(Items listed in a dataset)
___
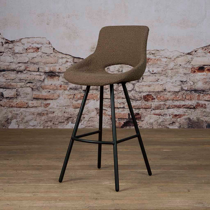 De teddystof geeft de barkruk een warme en zachte uitstraling voor in een interieur, Deze warme uitstraling komt vooral door de stof die in natuurlijke aardekleuren beschikbaar is. Namelijk de kleuren Teddy Wit, Teddy Lichtbruin en Teddy Donkerbruin.
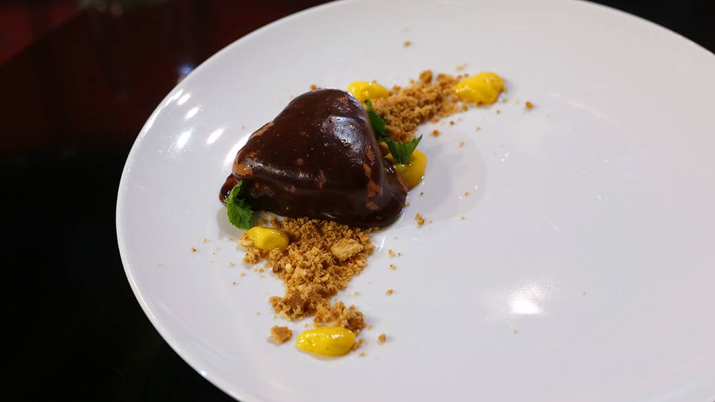 Sbucciare il mango e togliere il nocciolo, poi frullarlo con 20g di zucchero semolato, qualche foglia di menta e un goccio d'acqua. Setacciare la purea, prelevare 100g e portarla a bollore con il gellan. Riporlo in frigorifero per il tempo necessario per la gelificazione, poi rifrullarlo.
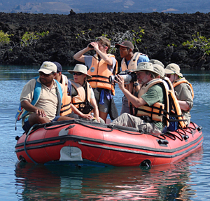 We continued down the road and were dropped off at the Hotel Wittmer. Some of us enjoyed the museum with its many historical displays while others sat outside the hotel and relaxed overlooking a black sand beach with the San Jose the only passenger ship in view in the harbor. As lunch time approached, we went back to the We met at the bar for a farewell cocktail from the Captain and our fantastic crew. Some of us showed our thanks by performing some of the birds and animals that we had seen during our cruise. Of particular note were the dueling Waved Albatrosses performed by Penny and Kris. At the evening briefing, Billy described a special, unscheduled stop in the early morning for Great and Magnificent Frigatebird. Another great day and now an extra excursion in the morning! Tuesday, July 24, 2007 We walked a trail along the beach as the sky was now brilliant blue and crystal clear. Sea Lions, Mangrove Warblers, Galápagos Flycatchers, and a Small Ground-finch were seen as we walked the trails. By the time we reached the landing site, a large cruise ship had dropped what seemed like hundreds of passengers on shore. We were glad we chose to visit this magical place at first light and have it to ourselves.
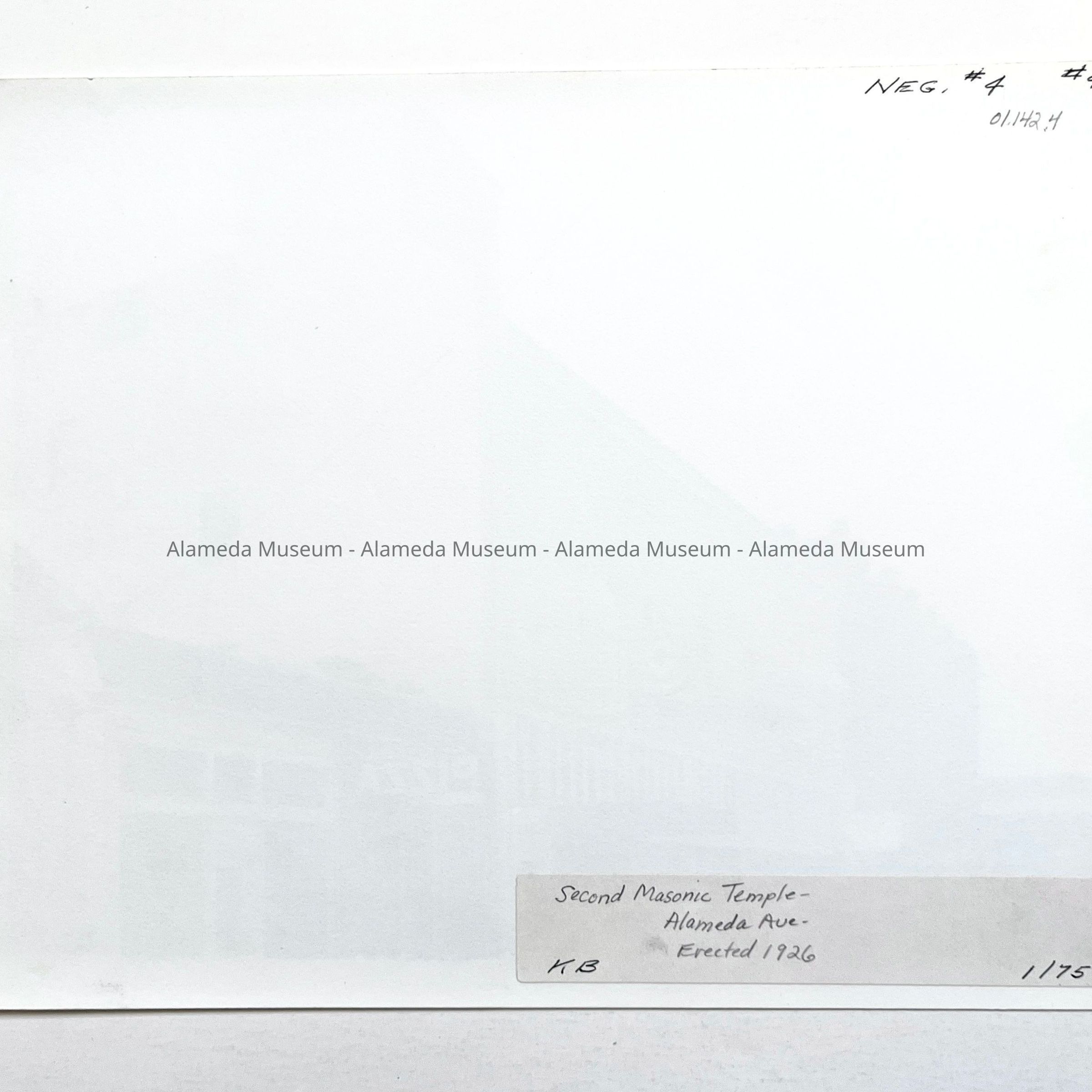 Photograph depicting the main façade of the new Masonic Temple on Alameda Avenue, erected in 1926.
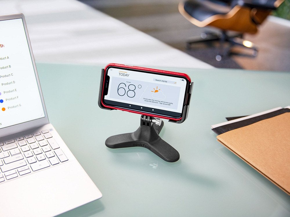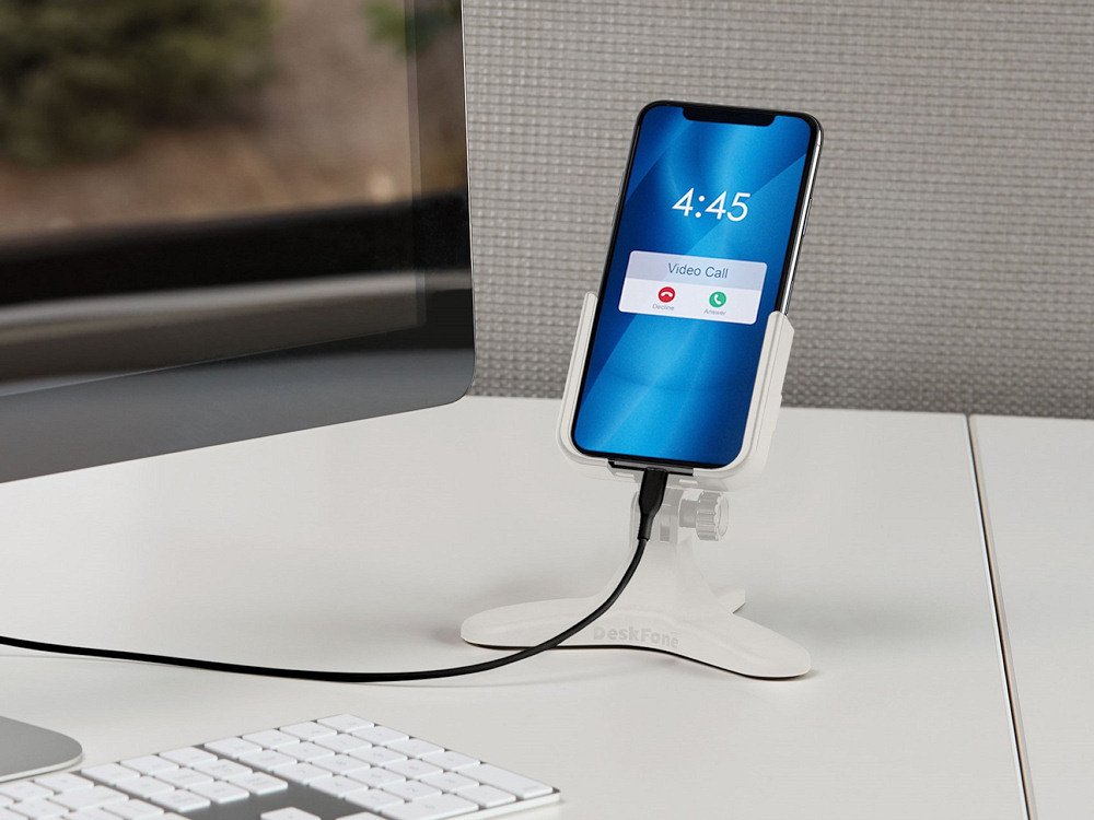 DeskFone™ is a mobile phone holder that conveniently sits right on your desktop, tabletop or kitchen counter top. The fully adjustable phone holder allows you to set the perfect viewing angle, making it ideal for video calls/chats, watching a video or reading emails and texts. It holds your phone up and keeps it visible, so it won't get lost on your desk! DeskFone's tripod design creates a stable stance on your desk, and the holder won't wobble or shift on its own.
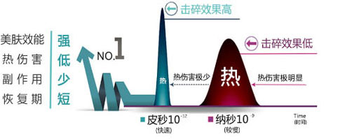 皮秒激光与传统激光不同的就是脉宽(脉冲持续时间),脉宽越短,光转化为热的效应越弱,几乎不产生光热效应,就越不容易向周围完好组织扩散,对靶组织的作用就越强。可以使色素性皮损在更短的治疗次数下,产生更强的疗效;速度更快,能量更强,效果更好,作用更安全。
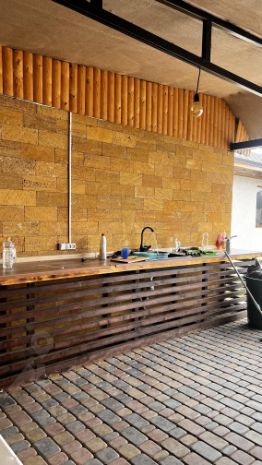 - большой навес, рабочая поверхность с раковиной, большой стол и скамьи, барная стойка, комната отдыха, санузел, тех помещение с насосной системой.
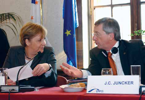 German Chancellor Angela Merkel and Euro Group president Jean-Claude Juncker in 2006. Juncker: “We decide on something, put it out publicly, and wait awhile to see what happens. If there is no great uproar, no uprisings, since most people don’t even grasp what was decided, then we proceed. Step by step, until there is no turning back.” For a video clip of Juncker in April 2011 saying he has often “had to lie,” see http://euobserver.com/19/32222. |
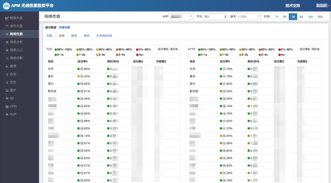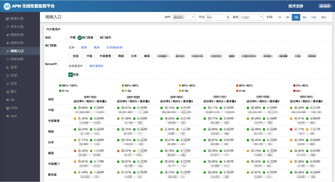 对端到端网络服务成功率,平均耗时和访问量进行监控(图7),并且提供全球热门国家和热门城市细分维度。
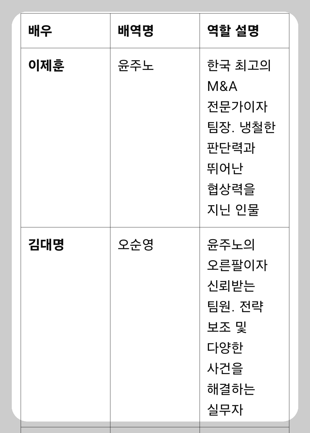 윤주노는 뛰어난 협상 전문가로, 다양한 기업의 인수합병 과정에서 활약하는 인물입니다.
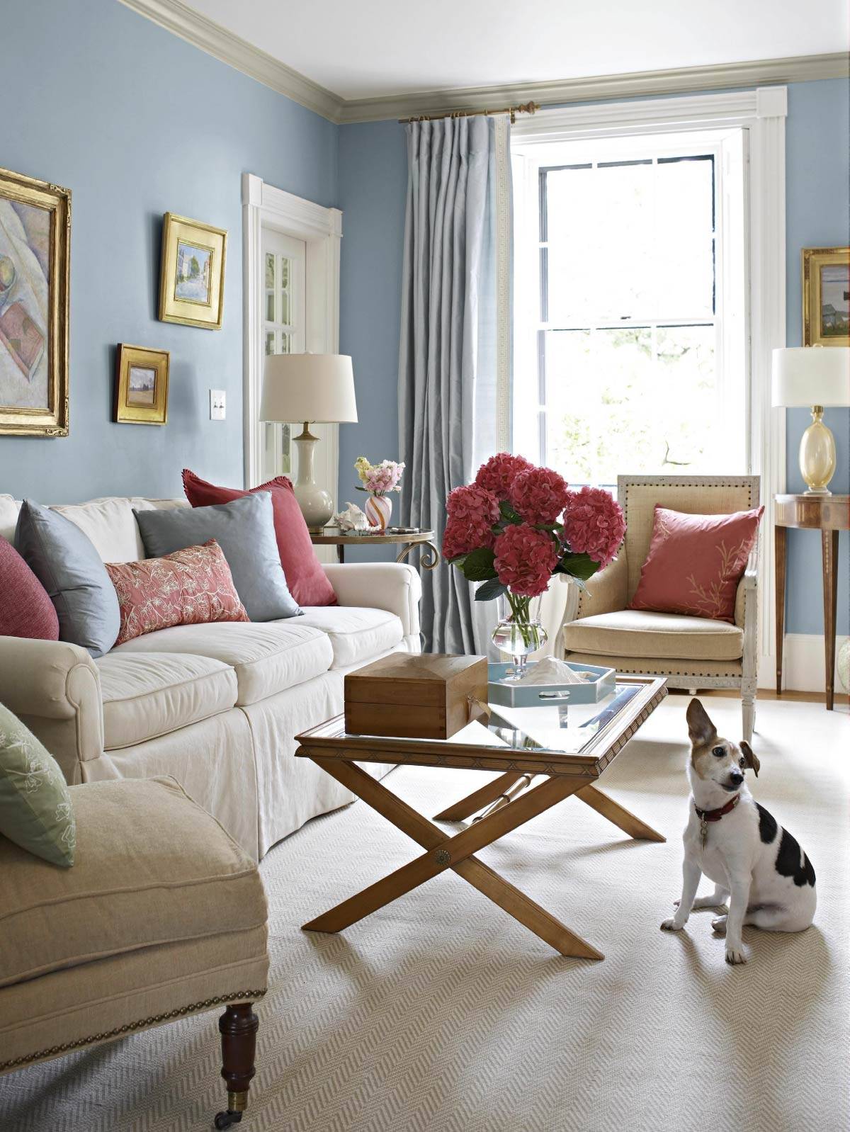 Если мебель василькового цвета, подберите к ней обои солнечного желтого или соломенного оттенка. Эта цветовая пара напоминает о лете, цветочном поле, солнечном небе и прекрасно подходит для воплощения стиля кантри.
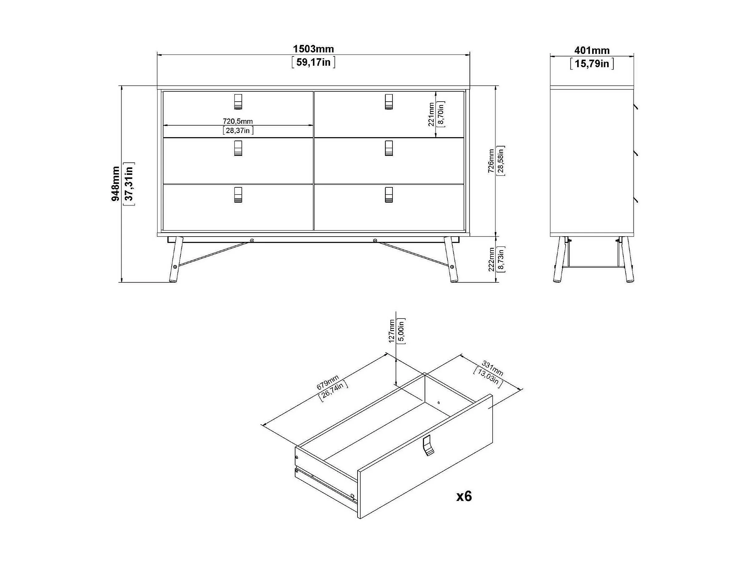 Cómoda 8 gavetas 67,5x30x100cm - Estrutura em metal, gavetas com puxadores em tecido - Padrões retro - Preto
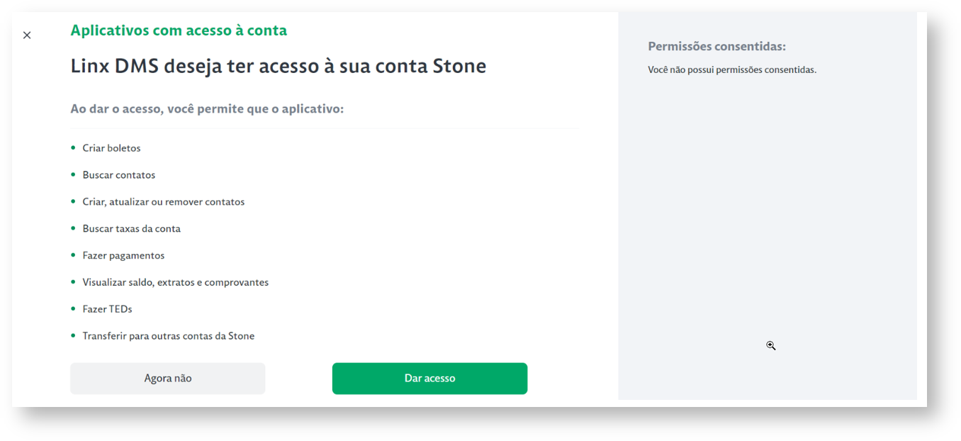 O Consentimento é um conceito fundamental no Stone Banking, pois a partir da realização desse processo, o usuário poderá permitir que o Linx DMS realize transações nesta conta.
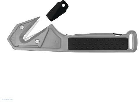 Fóliahegesztett raklapok és gépjármű biztonsági övek kinyitására, erős fóliák, kartondobozok műanyag kötözőinek elvágására. Puha nyél. Felfüggesztésre szolgáló eszközzel és védőkupakkal. Tömeg: 125 g 5 év garancia. Szín: szürke/fekete 1 dupla penge .
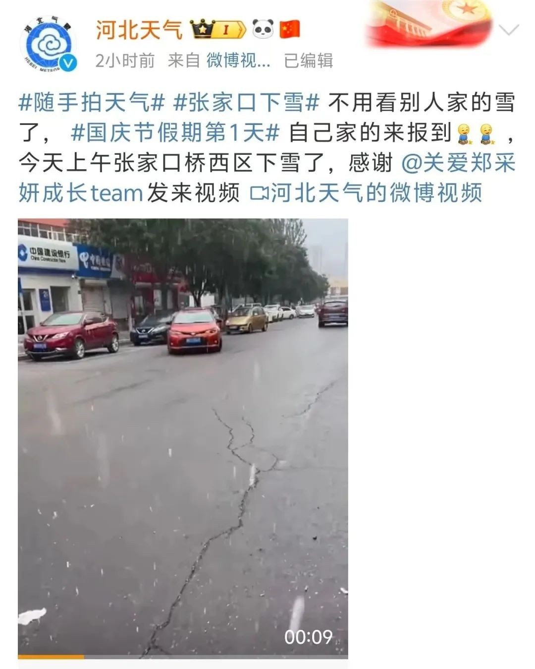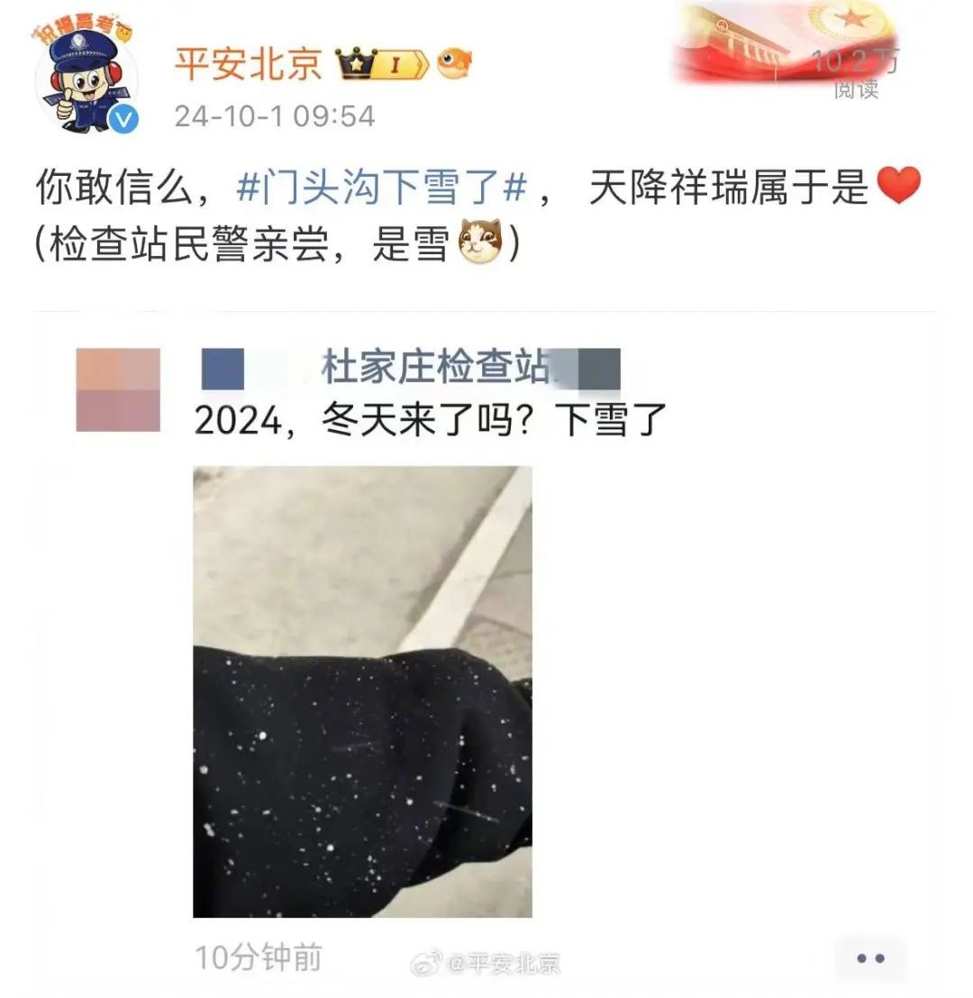 10月1日9时54分,@平安北京 发布微博:你敢信么?北京门头沟下雪了,天降祥瑞属于是
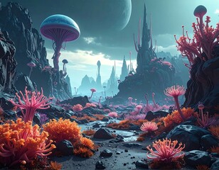 stunning twilight planetscape featuring large glowing moon illuminating dramatic mountain range vibrant colors of sky blend beautifully with landscape creating serene yet captivating atmosphere
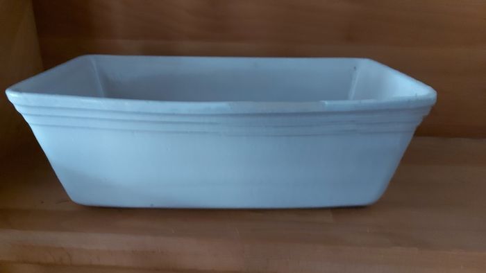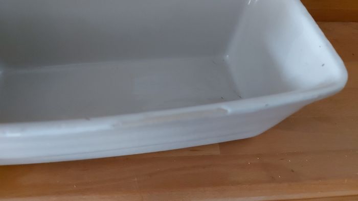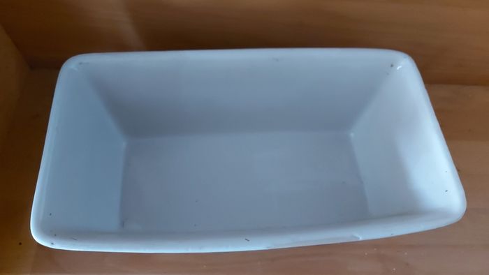 Plat blanc en terre cuite avec motif en relief sur les petits côtés. Neuf mais présente des défauts de fabrication et liés à l'entreposage. L 28,5 x l 16,5 x ht 10 cm
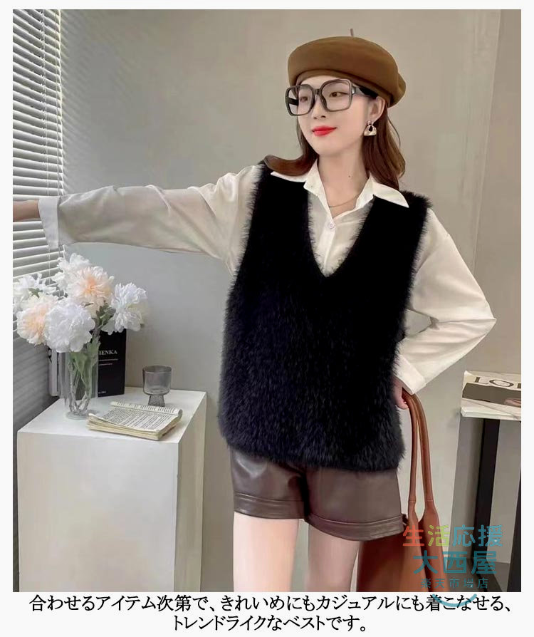 ニットベスト レディース 秋冬 シャギ トップス ベスト 豊富 黒 灰 ブラウン S M L XL 2XL 3XL
___
Required action:
Reproduce the entries above exactly, without images.

Reply:
 De teddystof geeft de barkruk een warme en zachte uitstraling voor in een interieur, Deze warme uitstraling komt vooral door de stof die in natuurlijke aardekleuren beschikbaar is. Namelijk de kleuren Teddy Wit, Teddy Lichtbruin en Teddy Donkerbruin.
 Sbucciare il mango e togliere il nocciolo, poi frullarlo con 20g di zucchero semolato, qualche foglia di menta e un goccio d'acqua. Setacciare la purea, prelevare 100g e portarla a bollore con il gellan. Riporlo in frigorifero per il tempo necessario per la gelificazione, poi rifrullarlo.
 We continued down the road and were dropped off at the Hotel Wittmer. Some of us enjoyed the museum with its many historical displays while others sat outside the hotel and relaxed overlooking a black sand beach with the San Jose the only passenger ship in view in the harbor. As lunch time approached, we went back to the We met at the bar for a farewell cocktail from the Captain and our fantastic crew. Some of us showed our thanks by performing some of the birds and animals that we had seen during our cruise. Of particular note were the dueling Waved Albatrosses performed by Penny and Kris. At the evening briefing, Billy described a special, unscheduled stop in the early morning for Great and Magnificent Frigatebird. Another great day and now an extra excursion in the morning! Tuesday, July 24, 2007 We walked a trail along the beach as the sky was now brilliant blue and crystal clear. Sea Lions, Mangrove Warblers, Galápagos Flycatchers, and a Small Ground-finch were seen as we walked the trails. By the time we reached the landing site, a large cruise ship had dropped what seemed like hundreds of passengers on shore. We were glad we chose to visit this magical place at first light and have it to ourselves.
 Photograph depicting the main façade of the new Masonic Temple on Alameda Avenue, erected in 1926.
 DeskFone™ is a mobile phone holder that conveniently sits right on your desktop, tabletop or kitchen counter top. The fully adjustable phone holder allows you to set the perfect viewing angle, making it ideal for video calls/chats, watching a video or reading emails and texts. It holds your phone up and keeps it visible, so it won't get lost on your desk! DeskFone's tripod design creates a stable stance on your desk, and the holder won't wobble or shift on its own.
 皮秒激光与传统激光不同的就是脉宽(脉冲持续时间),脉宽越短,光转化为热的效应越弱,几乎不产生光热效应,就越不容易向周围完好组织扩散,对靶组织的作用就越强。可以使色素性皮损在更短的治疗次数下,产生更强的疗效;速度更快,能量更强,效果更好,作用更安全。
 - большой навес, рабочая поверхность с раковиной, большой стол и скамьи, барная стойка, комната отдыха, санузел, тех помещение с насосной системой.
 German Chancellor Angela Merkel and Euro Group president Jean-Claude Juncker in 2006. Juncker: “We decide on something, put it out publicly, and wait awhile to see what happens. If there is no great uproar, no uprisings, since most people don’t even grasp what was decided, then we proceed. Step by step, until there is no turning back.” For a video clip of Juncker in April 2011 saying he has often “had to lie,” see http://euobserver.com/19/32222. |
 对端到端网络服务成功率,平均耗时和访问量进行监控(图7),并且提供全球热门国家和热门城市细分维度。
 윤주노는 뛰어난 협상 전문가로, 다양한 기업의 인수합병 과정에서 활약하는 인물입니다.
 Если мебель василькового цвета, подберите к ней обои солнечного желтого или соломенного оттенка. Эта цветовая пара напоминает о лете, цветочном поле, солнечном небе и прекрасно подходит для воплощения стиля кантри.
 Cómoda 8 gavetas 67,5x30x100cm - Estrutura em metal, gavetas com puxadores em tecido - Padrões retro - Preto
 O Consentimento é um conceito fundamental no Stone Banking, pois a partir da realização desse processo, o usuário poderá permitir que o Linx DMS realize transações nesta conta.
 Fóliahegesztett raklapok és gépjármű biztonsági övek kinyitására, erős fóliák, kartondobozok műanyag kötözőinek elvágására. Puha nyél. Felfüggesztésre szolgáló eszközzel és védőkupakkal. Tömeg: 125 g 5 év garancia. Szín: szürke/fekete 1 dupla penge .
 10月1日9时54分,@平安北京 发布微博:你敢信么?北京门头沟下雪了,天降祥瑞属于是
 stunning twilight planetscape featuring large glowing moon illuminating dramatic mountain range vibrant colors of sky blend beautifully with landscape creating serene yet captivating atmosphere
 Plat blanc en terre cuite avec motif en relief sur les petits côtés. Neuf mais présente des défauts de fabrication et liés à l'entreposage. L 28,5 x l 16,5 x ht 10 cm
 ニットベスト レディース 秋冬 シャギ トップス ベスト 豊富 黒 灰 ブラウン S M L XL 2XL 3XL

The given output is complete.